The biggest benefit to this approach, besides training for microservices, is that you should now be able to run multiple versions of your application concurrently, which in turn means you can start deploying more often to preview customers and get live feedback rather than waiting for a big-bang, make-or-break production deployment.

It also means that you’re doing less during your deployments, which in turn makes them safer. In any case, application-tier deployments tend to be easier, and are definitely easier to roll back.

By deploying database changes separately, the riskier side of change management is at least isolated, and, if all goes well, invisible to end users. By their very nature, safe, non-breaking changes are also usually faster to run, and may even require no downtime.

Apart from all that, though, your team are now performing the sort of change management that will be required for microservices, without breaking up the monolith, and without a huge amount of up-front investment. You’re learning how to manage versions, how to mark APIs as obsolete, how to keep services running to maintain uptime, and how to run a system that isn’t just a single “thing”.

Conclusion

If your team has up until now been writing and maintaining a monolith, you aren’t going to get to serverless/microservice/containerised nirvana overnight. It may not even be worth it.

Rather than investing in a large-scale new architecture, consider testing the water first. If your team can manage to split off your database layer from your main application, and manage its lifecycle according to a separate deployment strategy, handling all versioning and schema issues as they arise, then you may be in a good position to do that for more of your components.
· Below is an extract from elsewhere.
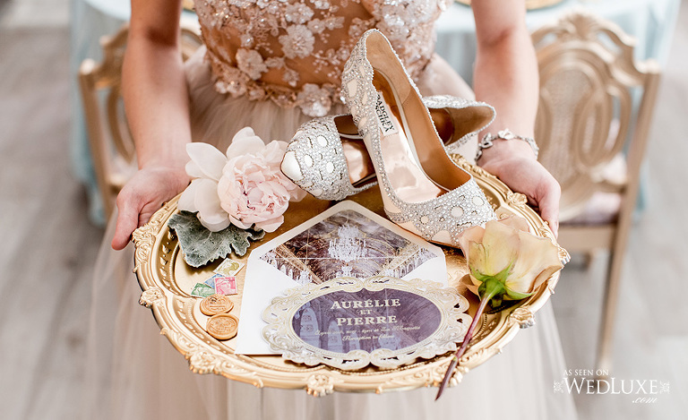 PHOTOGRAPHY • Beyond Infiniti Photography, EVENT PLANNING AND DECOR DESIGN • An Elegant Soirée Weddings & Events, FLORAL DESIGN • Hello Midge Flower Studio, VENUE • La Maquette, STATIONERY DESIGN AND BACKDROP DESIGN • Castlefield Design, GOWN • Wins Design, SHOES • Imagine by Vince Camuto, SHOES • Badgley Mischka, JEWELLERY • The Loved One, ENGAGEMENT RING • Emily Gill Design, HAIR AND MAKEUP • Beautified by Renee, TABLEWARE • Tableauscapes, RENTALS • Vintage Glam Events, LINEN AND NAPKINS • Susan Murray International, CAKE DESIGN • Rococoa Butter, BACKDROP PRINTING • Dance Floor Décor, MODELS • Hannah Bickle and Sarah Bickle, CINEMATOGRAPHY • JustKlik Productions

On the other hand, maybe this proves too much of a challenge. Maybe you don’t have enough people to make it work, or your requirements and schema change too often (very, very common for internal line-of-business applications). There’s nothing wrong with that, and it doesn’t imply any sort of failure. It does mean that you will probably struggle to realise any benefit from services, micro or otherwise, and my advice would be to keep refactoring the monolith to be the best it can be.